Prep Time 20 minutes
Chill Time 4 hours
Servings 6
Calories 349 kcal

Ingredients
  

  • 200 g digestive biscuits or tea biscuits
  • 1 cup strong brewed coffee cooled
  • 1 cup heavy cream
  • ½ cup condensed milk
  • ¼ cup cocoa powder
  • 1 tablespoon instant coffee powder
  • ½ teaspoon vanilla extract
  • ½ cup dark chocolate melted
  • Chocolate shavings or cocoa powder for topping

Instructions
 

  • Brew 1 cup of strong coffee and let cool.
  • Whisk heavy cream, condensed milk, cocoa powder, instant coffee, vanilla, and melted chocolate in a bowl until smooth.
  • Dip biscuits in coffee for 2–3 seconds and layer them in a dish.
  • Spread mocha cream over each layer.
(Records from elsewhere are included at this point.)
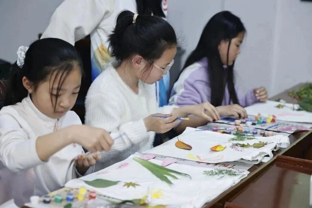 “首先我们要挑选自己喜欢的叶片,尽量选完整的、没有破损的,这样拓印出来的图案才好看......”孩子们听得专注、做得认真,大胆发挥想象力,将春日草木的印记留在帆布包上,用独特的方式留住春天,在手工创作中收获快乐与成长。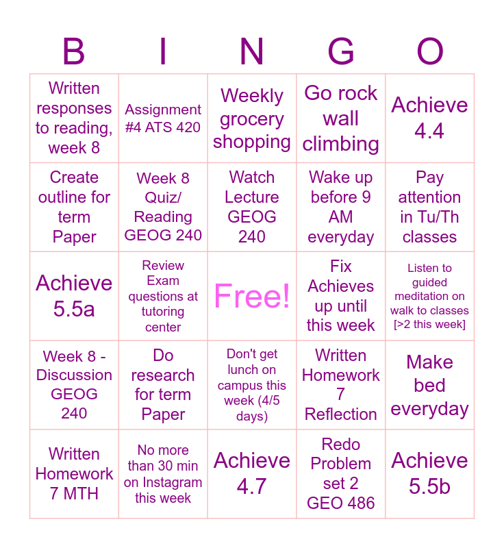 This bingo card has a free space and 24 words: Do research for term Paper, No more than 30 min on Instagram this week, Watch Lecture GEOG 240, Written Homework 7 MTH, Achieve 4.4, Written responses to reading, week 8, Create outline for term Paper, Assignment #4 ATS 420, Fix Achieves up until this week, Don't get lunch on campus this week (4/5 days), Wake up before 9 AM everyday, Achieve 5.5a, Written Homework 7 Reflection, Make bed everyday, Week 8 Quiz/ Reading GEOG 240, Redo Problem set 2 GEO 486, Listen to guided meditation on walk to classes [>2 this week], Weekly grocery shopping, Pay attention in Tu/Th classes, Review Exam questions at tutoring center, Achieve 5.5b, Week 8 - Discussion GEOG 240, Go rock wall climbing and Achieve 4.7.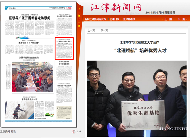 1月24日,开云kaiyun官网与江津中学合作实施的“北理领航”优秀人才培养计划正式启动。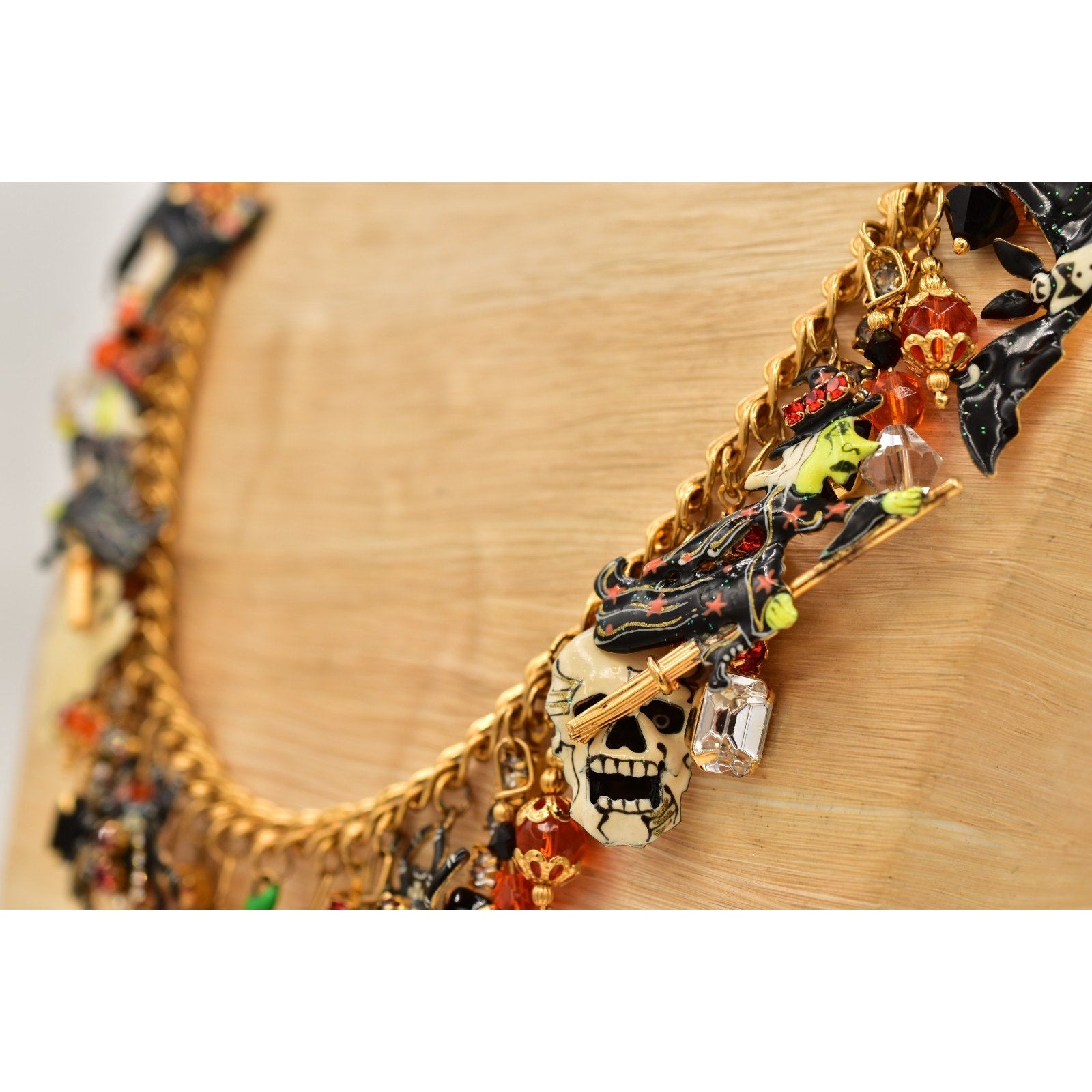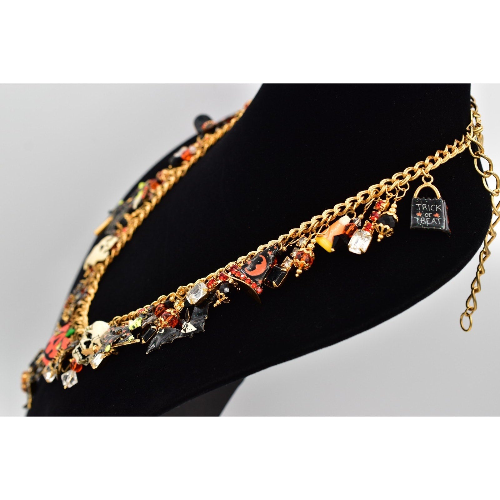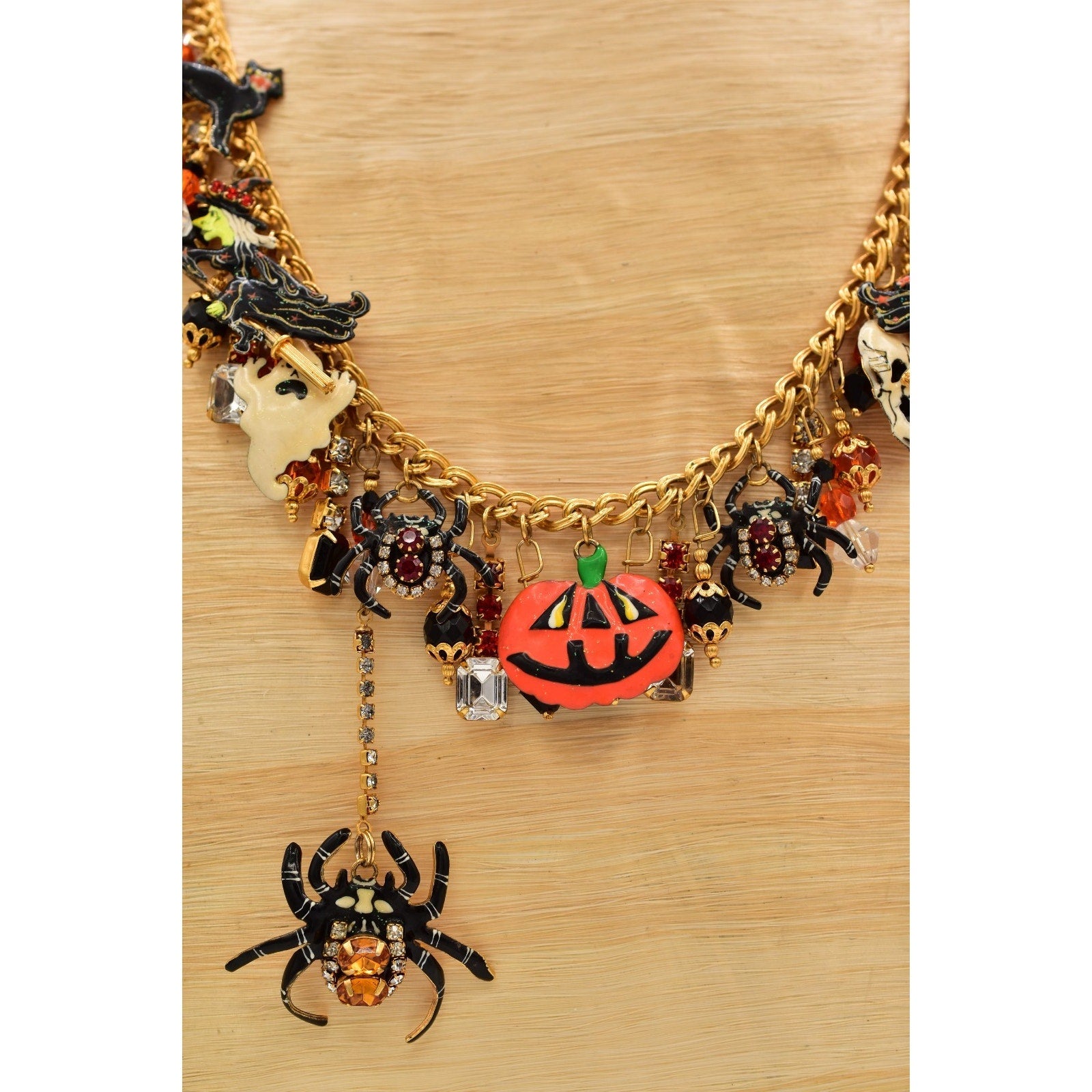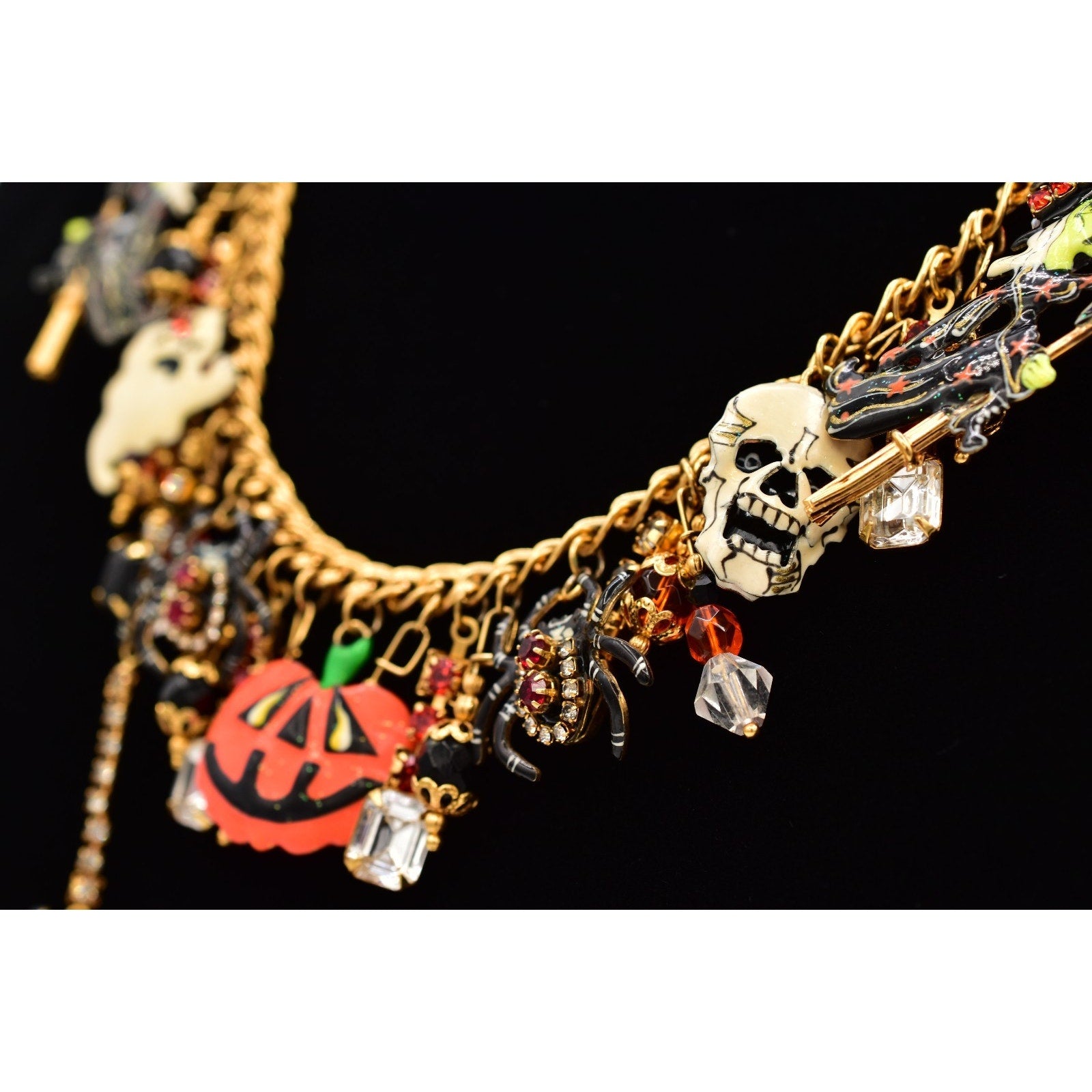 Vintage collector's Halloween charm necklace with a featuring spooky charms.

Repeat layers until all ingredients are used.
  • Refrigerate for at least 4 hours (or overnight).
  • Garnish with chocolate shavings or cocoa powder before serving.

Notes

  • Use decaf coffee for a caffeine-free version.
  • You can substitute digestive biscuits with graham crackers or Marie biscuits.
  • For extra richness, add a splash of coffee liqueur to the brewed coffee (optional for adults).